72話 エドワード・H・マーカムじゃダメですか?4
僕が放った玉は、思い通りの軌道で転がって行った。
それがまずは、左側のピンを正確に捉える。
勢い良くあたり、ピンは弾け飛ぶ。
そして、もう1つのピンの方へと回転しながら横へ移動する。
うまくいった、そう思ったのだがあと一歩のところで届かず、結局倒すことはできなかった。
「惜しかったですね、泰くん」
「…………」
僕はショックで何も言えない。
コトリはそれを察してそれ以上何も言わず、ただ見守ってくれていた。
少したった頃。
「もう1回……」
「しょうがないですね。良いですよもう1回だけ」
それからもう1ゲーム始めた。
ただし、もう無理に勝とうということはしなかった。
楽しむことを優先したのだ。
それを察してくれたのか、コトリも手を抜くと言ったら聞こえは悪いが、僕のノリに合わせてくれたみたいだった。

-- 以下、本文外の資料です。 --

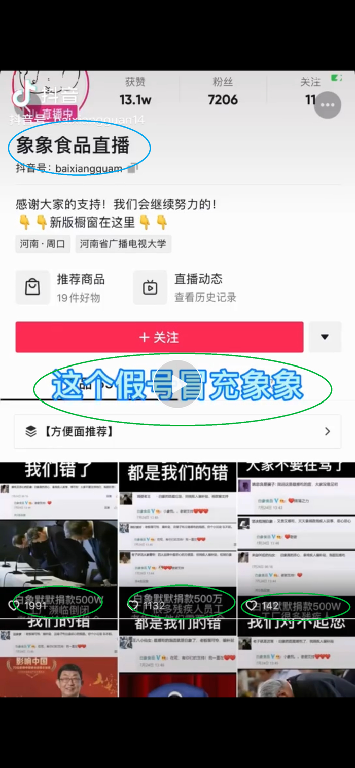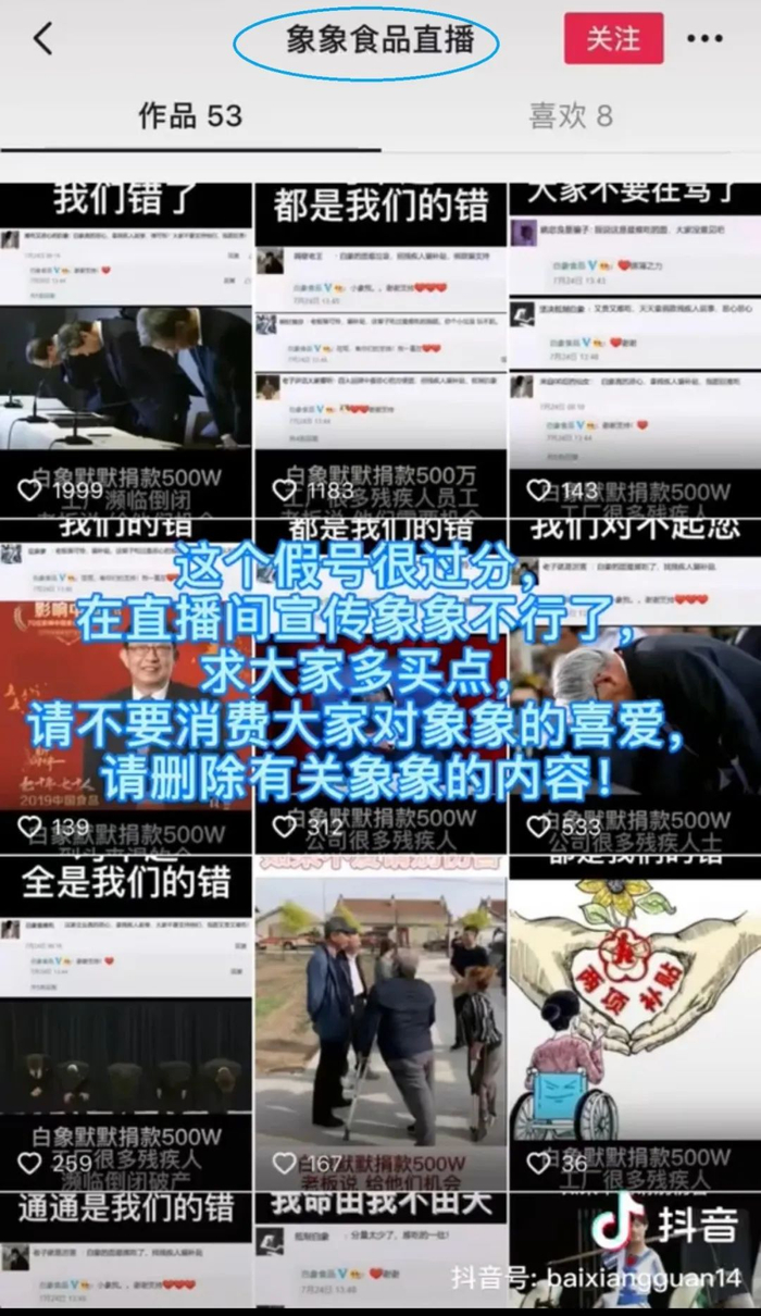 类似这样的说法并非个例,“白象经营困难”、“白象不行了”的传言在网络到处传播;甚至还有一家名为“象象食品直播”的账号,看上去就像是白象自己的官方直播间,因为白象品牌官方对自己的昵称就是“象象”。此前胡说有理点到该直播间主页发现,其近期发布了大量白象经营困难依然捐款500万、是国内方便面行业唯一拒绝日资入股的企业等煽情性内容,然后主播在直播间中反复强调白象经营特别困难,说“白象不行了,求大家多买点”。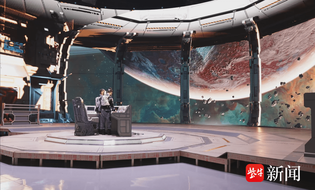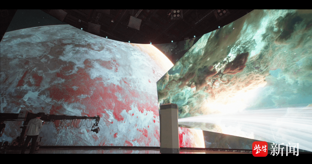 走进无锡国家数字电影产业园的摄影棚,一块大屏顶天立地矗立在人们面前:它长44米,高10米,直径23米,呈大角度圆弧形。站在这块屏下,一种沉浸感扑面而来,当天屏幕上显示的是宇宙场景,一大片绯红色的星云中,一颗巨大的蓝色星球闪耀着神秘的光芒,令人仿佛置身于浩瀚的星海之中,心中充满震撼。
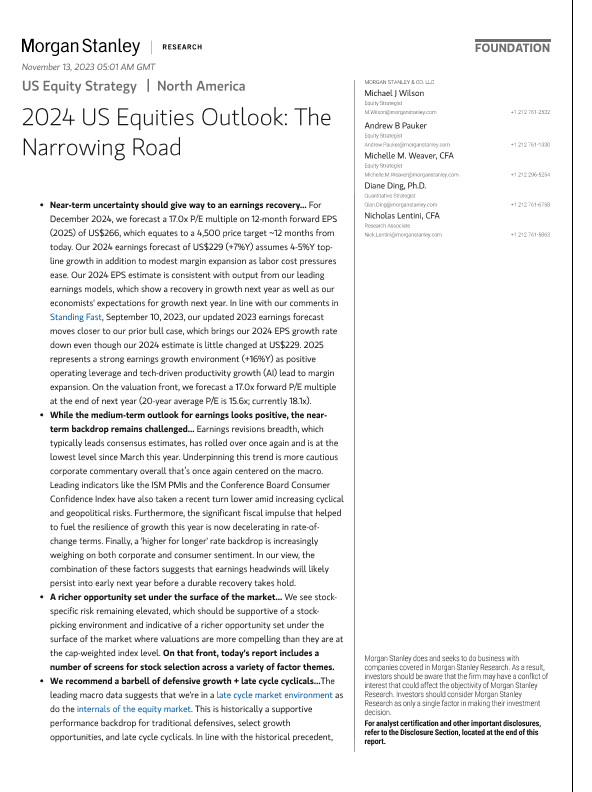 【Morgan Stanley】【20231231】2024 US Equities Outlook The Narrowing Road-55页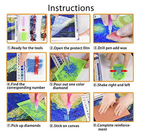 【Materiaal】- De 5D-diamantverfset is zeer helder olieverfschilderij, dat waterdicht is en zelfs textuur heeft. Het patroon zelf heeft een kleverige achtergrond en plastic beschermfolie om het beeld plakkerig te houden, zodat je het beeld gemakkelijk kunt voltooien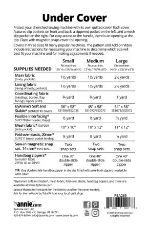 Protect your cherished sewing machine with its own quilt!Each cover features slip pockets on front and back, a zippered pocket on the left side, and a mesh slip pocket on the right side.For easy access to the sewing machine handle, there is an opening at the top. Flaps with magnetic snaps cover the opening.The pattern includes complete step-by-step instructions for covers in three sizes to fit many popular machines.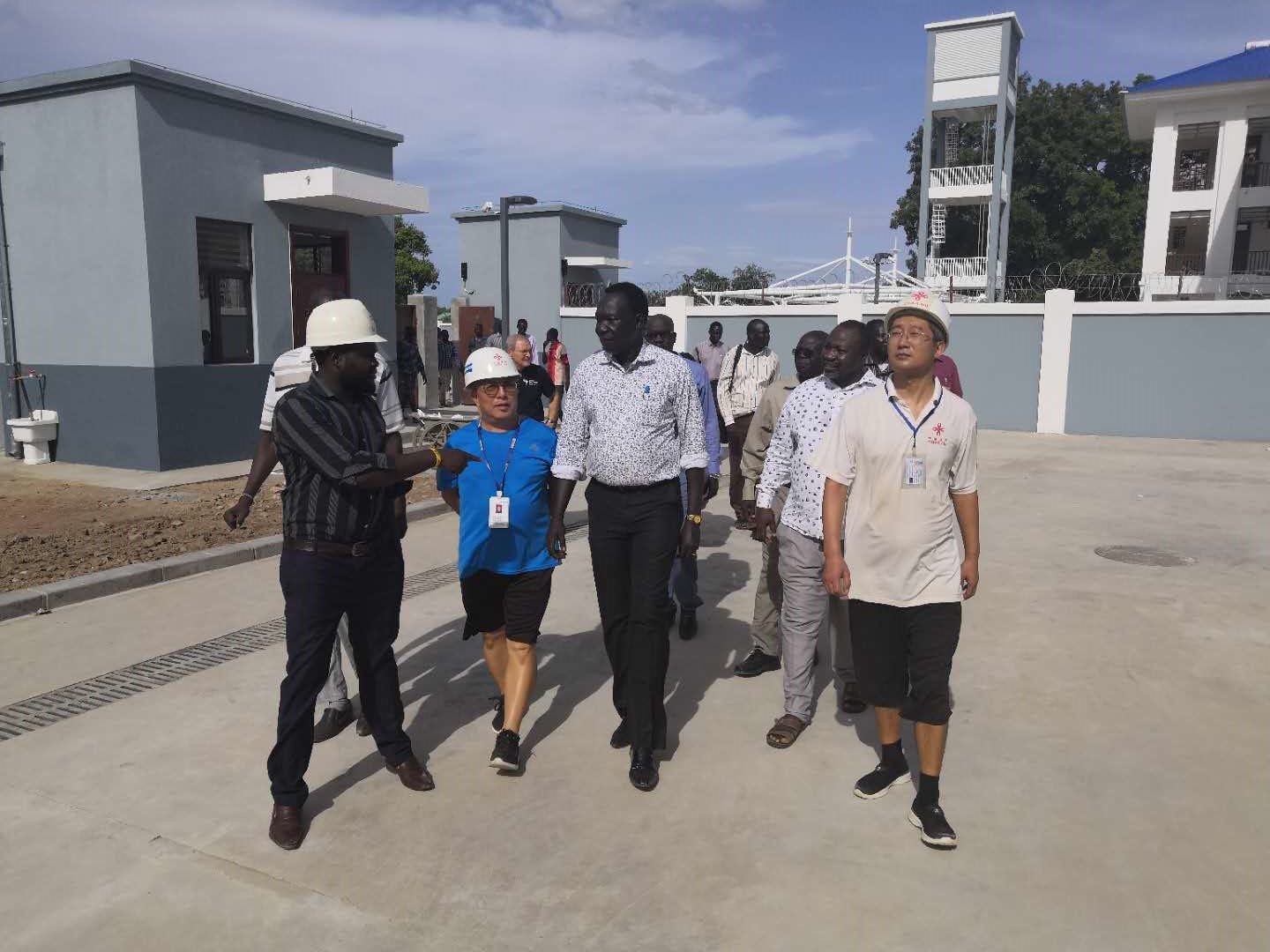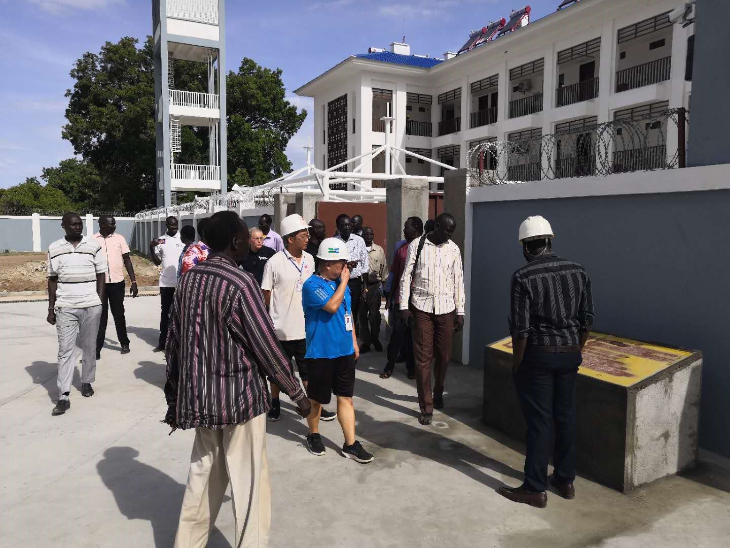 5月22日上午,南蘇丹副總統(tǒng)瓦尼繼2018年2月16日再次來(lái)到中國(guó)援南蘇丹朱巴教學(xué)醫(yī)院改擴(kuò)建項(xiàng)目施工現(xiàn)場(chǎng)參觀視察。中國(guó)駐南蘇丹大使華寧、使館經(jīng)商參贊蔡森明,南蘇丹衛(wèi)生部部長(zhǎng)庫(kù)克等陪同參加上述活動(dòng)?,F(xiàn)場(chǎng)項(xiàng)目組施工管理人員、中國(guó)援南醫(yī)療隊(duì)以及醫(yī)院醫(yī)護(hù)人員夾道歡迎。當(dāng)?shù)囟嗉抑髁髅襟w隨行采訪報(bào)道。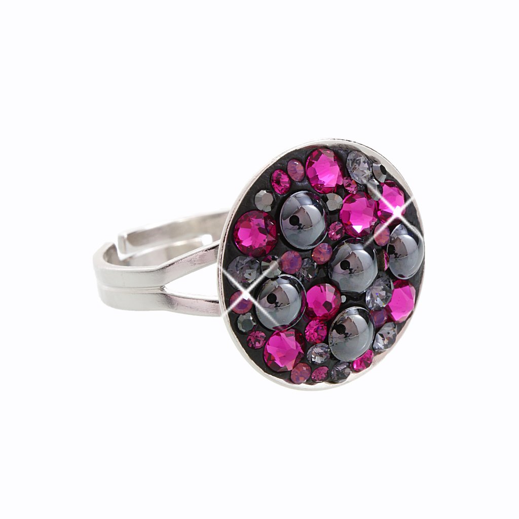 Stříbrný prstýnek Swarovski components Round fuchsia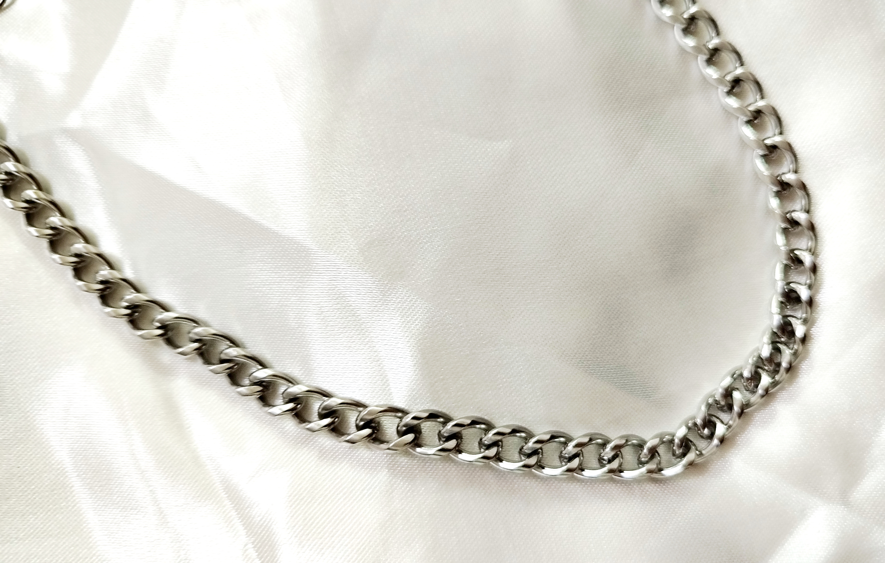 گردنبند کارتیر عریض نقره ای استیل آبکاری نقره رنگ ثابت ضد حساسیت و آلرژی 50سانت از برند سیکس ایتالیا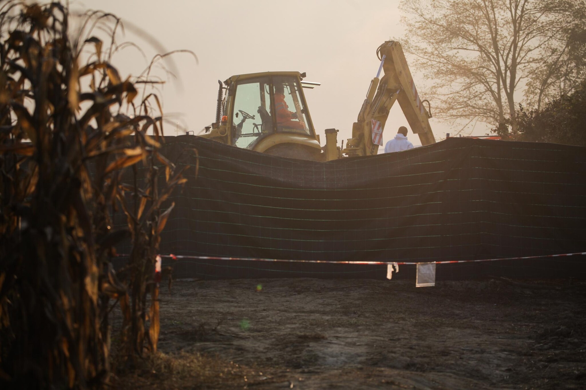 Il ritrovamento del cadavere di Elena Ceste in un fosso a poche centinaia di metri dalla sua casa. Nelle foto i Carabinieri e la scientifica sul luogo del ritrovamento utilizzano setacci per cercare resti del corpo.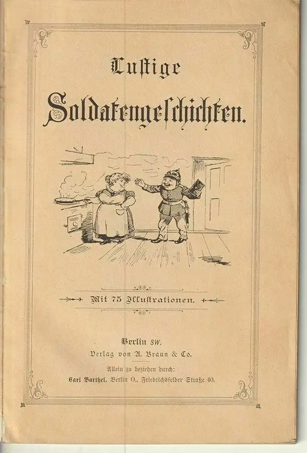 Bemerkungen: Durchgehend illustriertes Heft mit Soldatenanekdoten. Hinterer Deckel d. Brosch mit Vermerk:"Allein zu beziehen durch Carl Barthel, Berlin [...]".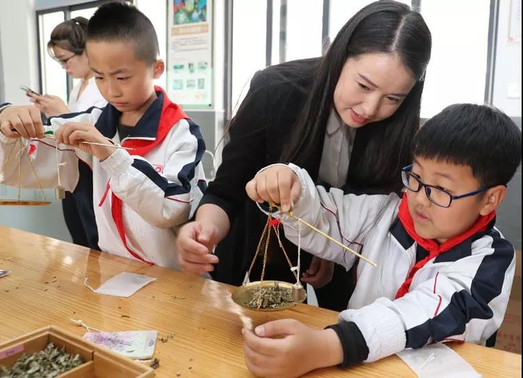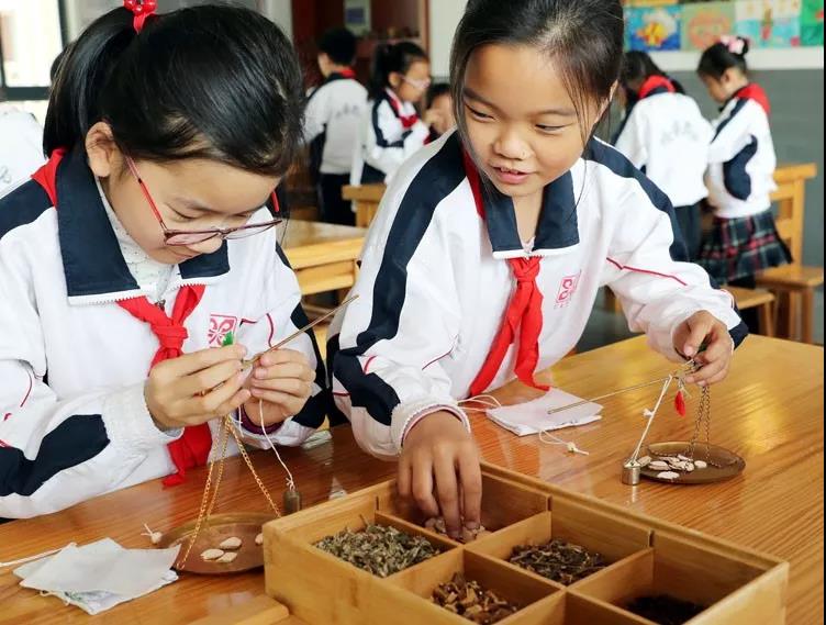 學生們在聽取有關中藥知識后,開始稱重艾葉、丁香、金銀花等6種中藥材,然后塞進布包,一個小小的驅蚊包就做成了。

僕は3ゲーム目にしてやっとボーリングを心から楽しめた。
ボーリング場からでて、その通り沿いを歩いている。
「結局負けた」
「私は勝ちました」
「こっちは凹んでるのに、それはないよ」
コトリは楽しそうにニコニコと笑っている。
「次は映画を見に行きましょう」
あれだけ再戦を申し込んでおいて、断るわけにも行かないだろう。
「分かったよ」
「やったっ」
喜ぶ彼女を見ると悪い気はしない。
しばらく歩けば、目的の映画館にたどり着いたようで、
「ここです。さて、何を見ましょうか」
映画館に掛かっているポスターを2人で一緒に眺める。
「何か見たいのとかある?」
こういう時は恋愛映画とかが定番なのだろうかと考えていると、
「私これがみたいです」
コトリが指を差したのは、なんとゾンビ映画だった。
「なんかあれだね……」
「どうかしましたか?」
「いや……なんでもない」
正直言ってこういうときにゾンビ映画なんてムードも何もないような気がするが、別に僕が気にすることではないだろう。
席はもうすぐ始まる直前だと言うこともあり殆ど埋まっていた。
殆ど2つ並びの席がなかったが唯一、一箇所だけ空いていた。
「いやー良かったですね。ばらばらになっちゃうのかと思って焦りました」
「そうだね。それにしても、はしゃぎすぎてポップコーン落とさないようにね」
コトリがジャンプするたびにあふれ出しそうになり危なっかしい。
というより、少しはこぼれている。
椅子に座ると、ちょうど映画が始まった。
上映中は隣のコトリが五月蠅くてあまり集中できなかった。
内容はまあ、面白かった、かな?
だからと言って、ぜったい年頃の男女が2人で見るようなものではないのだが。
「面白かったですね」
「うん。それでさ……」
「あ、次はここ行きたいんだ」
スマホを見せてくるコトリ。
僕は、また話をする機会を逃してしまった。
カフェに行くらしいのでそこでどうにでもなるかと楽観的に考えておくことにした。